Liz Hamson, editor of Propety Week

While the England football team kicked off the tournament playing the beautiful game beautifully, wouldn’t we all have preferred it if they had won ugly against Russia?

Conversely, wouldn’t it be great if the competing teams in the EU referendum had NOT resorted to ugly tactics. Unfortunately, and utterly predictably, that game got very ugly indeed this week as opportunists in the ‘leave’ camp hijacked the Orlando mass shooting to their own ends.

Pro-Brexit group Leave.EU posted a tweet urging people to: “Act now before we see an Orlando-style atrocity here before too long” and “Vote for greater security on June23. Vote #Leave.”

Tasteless in the extreme, the tweet was slammed by education secretary Nicky Morgan as “shameful” and even fellow Brexiteer Iain Duncan Smith condemned the comment, saying the tragedy had “nothing to do with this debate at all”.

It doesn’t, but that doesn’t stop people from shamelessly using it to stoke fears over Islamic extremism or making the all-too-easy leap to the issue at the heart of the Leave campaign’s rhetoric: immigration. The two camps are both waging fear campaigns, of course - the other centred on the economic impact of Brexit - and you could say that the head versus heart debate has been distilled down to these two issues.

If only it hadn’t been. The Brexit camp has gained an alarming amount of ground in the last few weeks, which means the industry could be in for a rough ride in the coming months.

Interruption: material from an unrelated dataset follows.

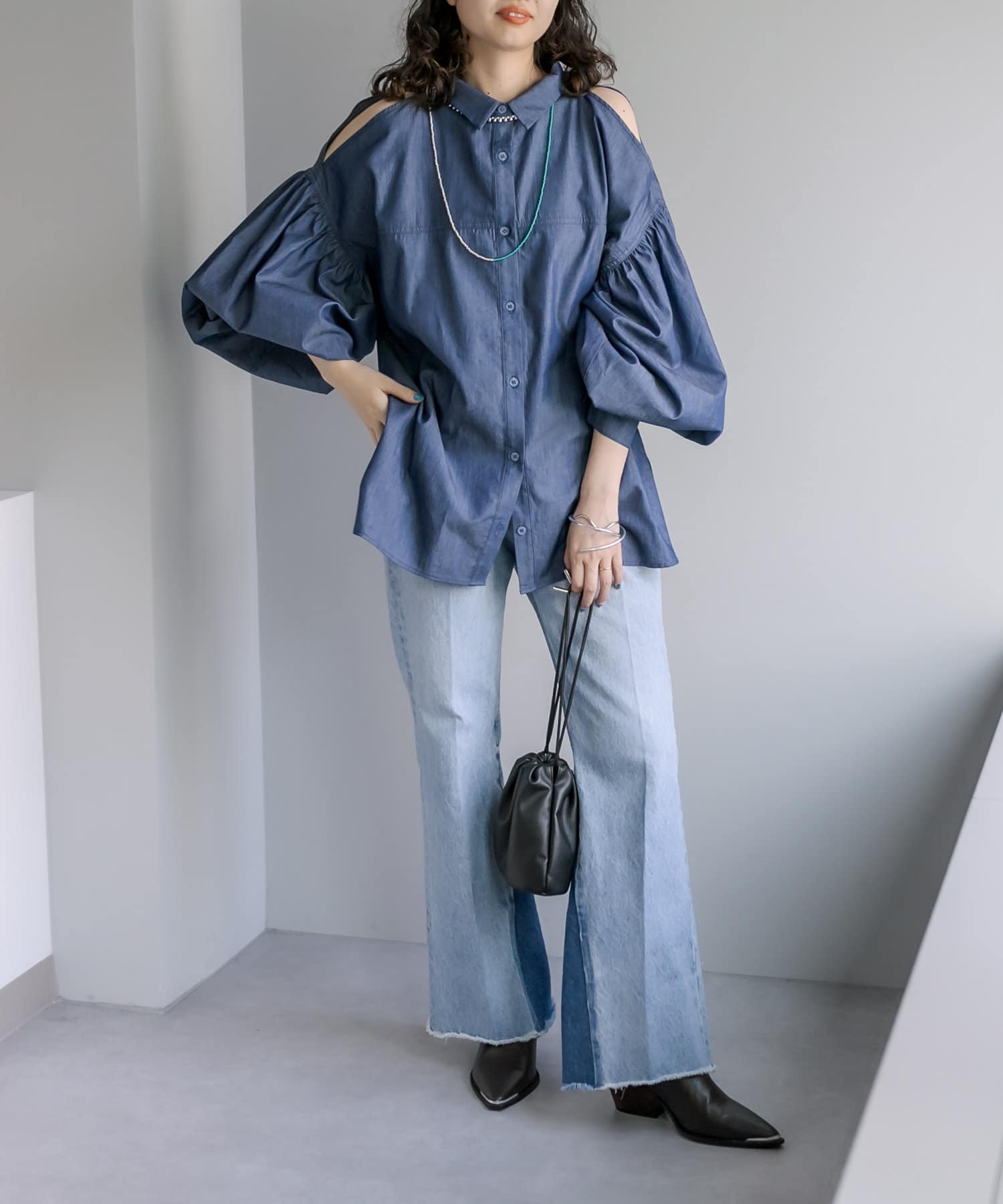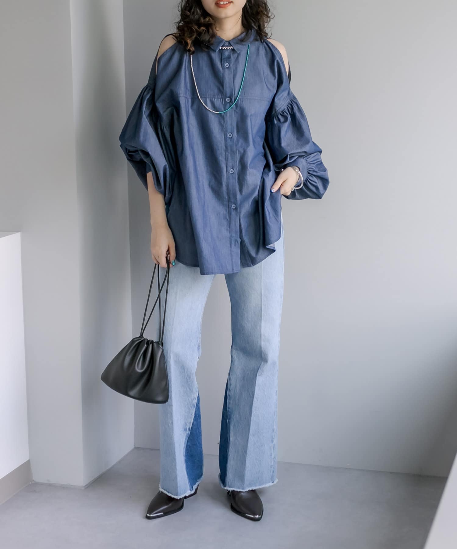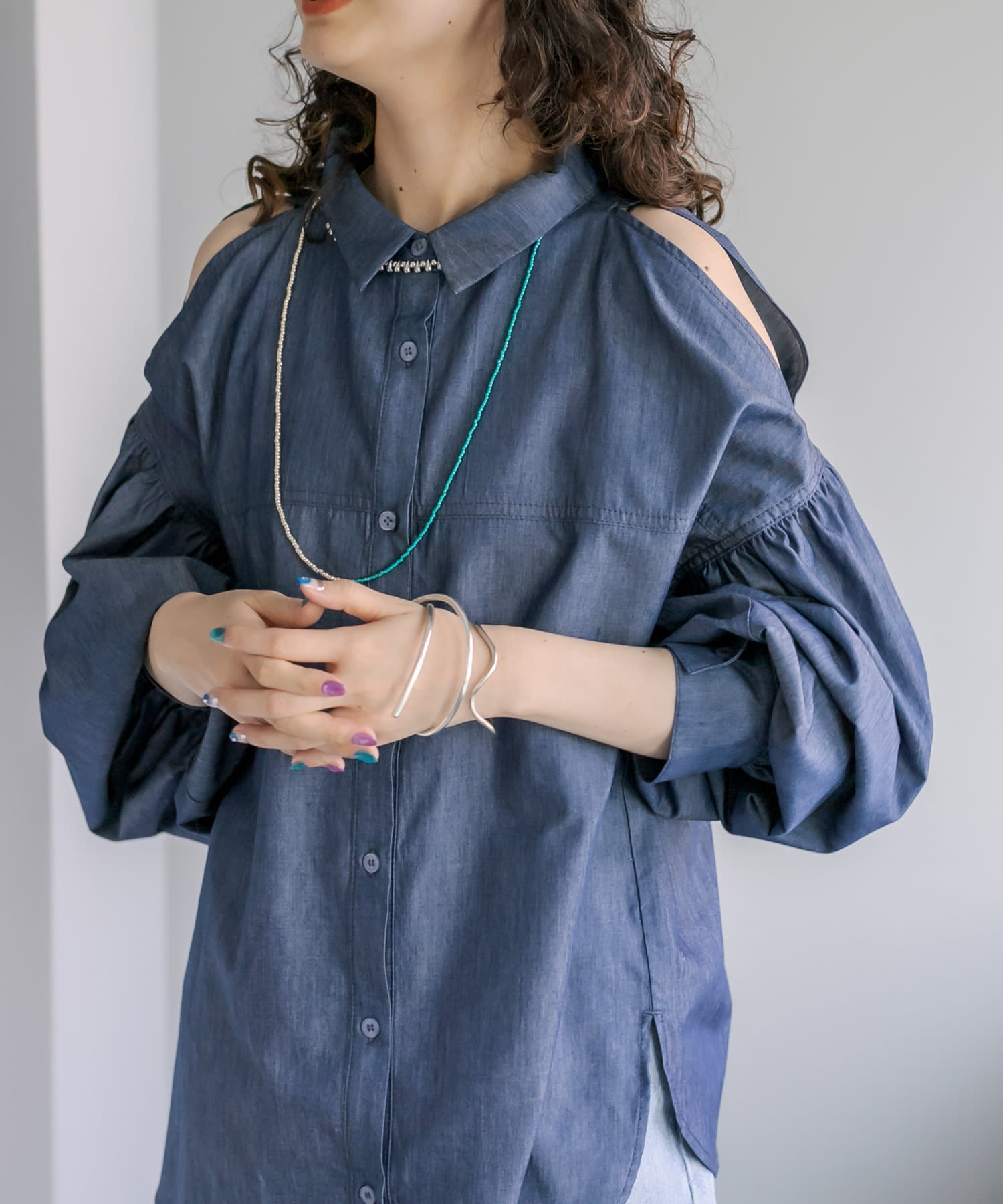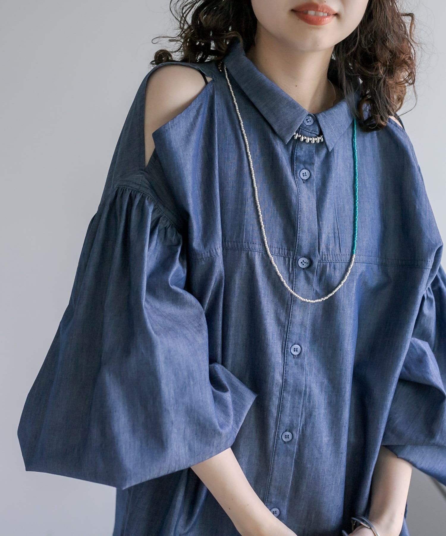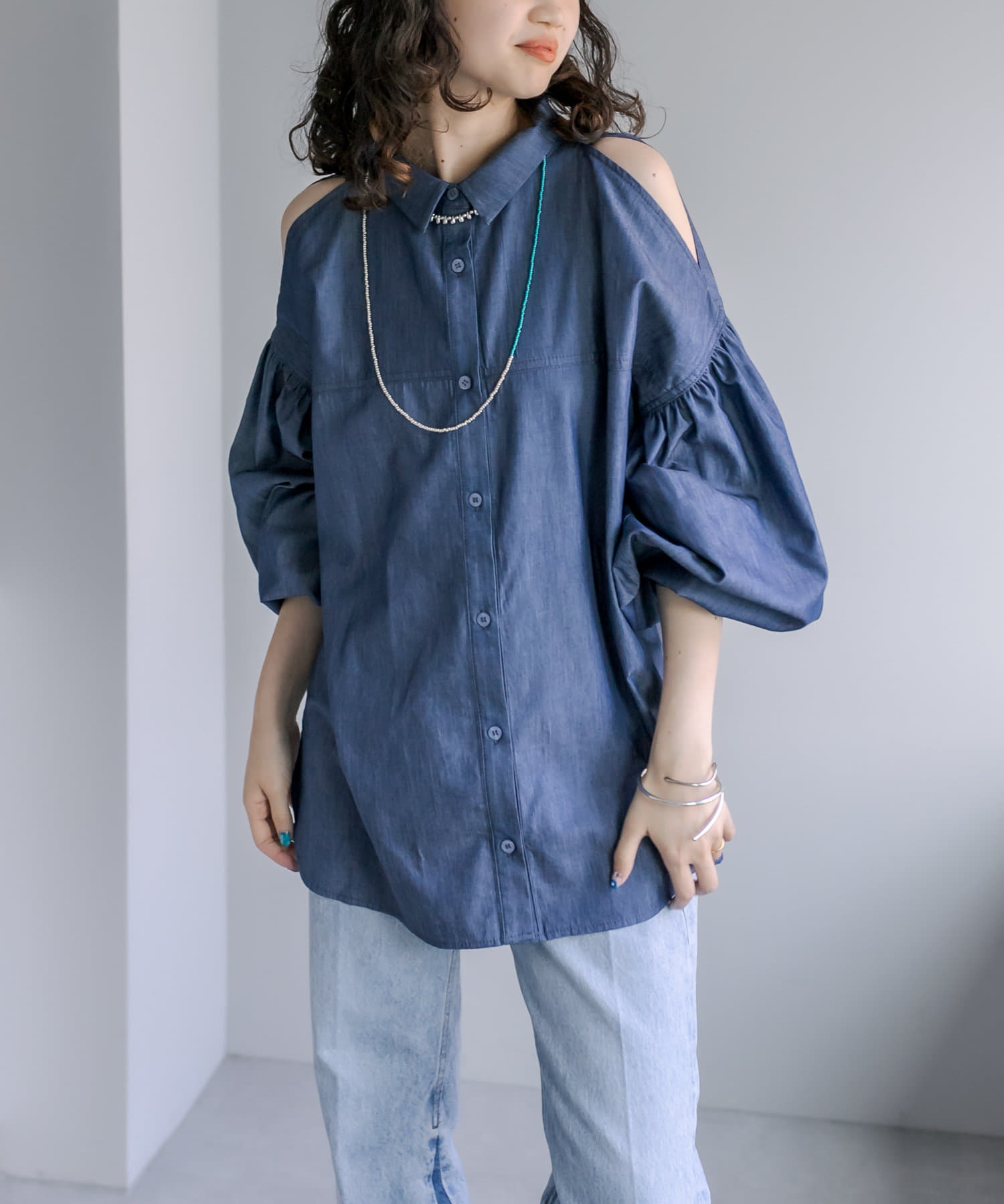 【新色追加】デニム肩あきボリュームシャツ

Reflecting on 50 years in property, Sir Stuart Lipton said Brexit represented the biggest potential challenge facing the industry. A survey carried out by Property Week underscores his fears, with 58% predicting house prices would flatline or fall in London if we left and 62% forecasting a fall in foreign investment in the wider UK market.

Sir Stuart Lipton

Sir Stuart Lipton fears the wider-reaching impact of the EU Referendum

Some argue that this would open the door to domestic buyers and renters, but the feeling at the London Real Estate Forum this week was that Brexit could stall housing delivery just as the way as well as the will is found to tackle the crisis. During a debate I chaired on housing delivery, there was much talk of the importance of partnerships, build-to-rent and modular housing, with Berkeley Group supremo Tony Pidgley describing its new modular concept, The Urban House, as a potential “game-changer”.

Berkeley believes fewer homes would be built in the event of Brexit. “Staying in Europe will help us build more homes”, says Pidgley, adding bluntly: “We don’t have enough skilled workers in Britain and we need the labour.”

But while he is in the ‘remain’ camp, he thinks the general public are “so fed up with the politicians” they might vote for Brexit. I hope not and that common sense prevails. In the meantime, and in light of Steve Norris’s observations regarding the weather, I’ll be praying for sunshine next Thursday.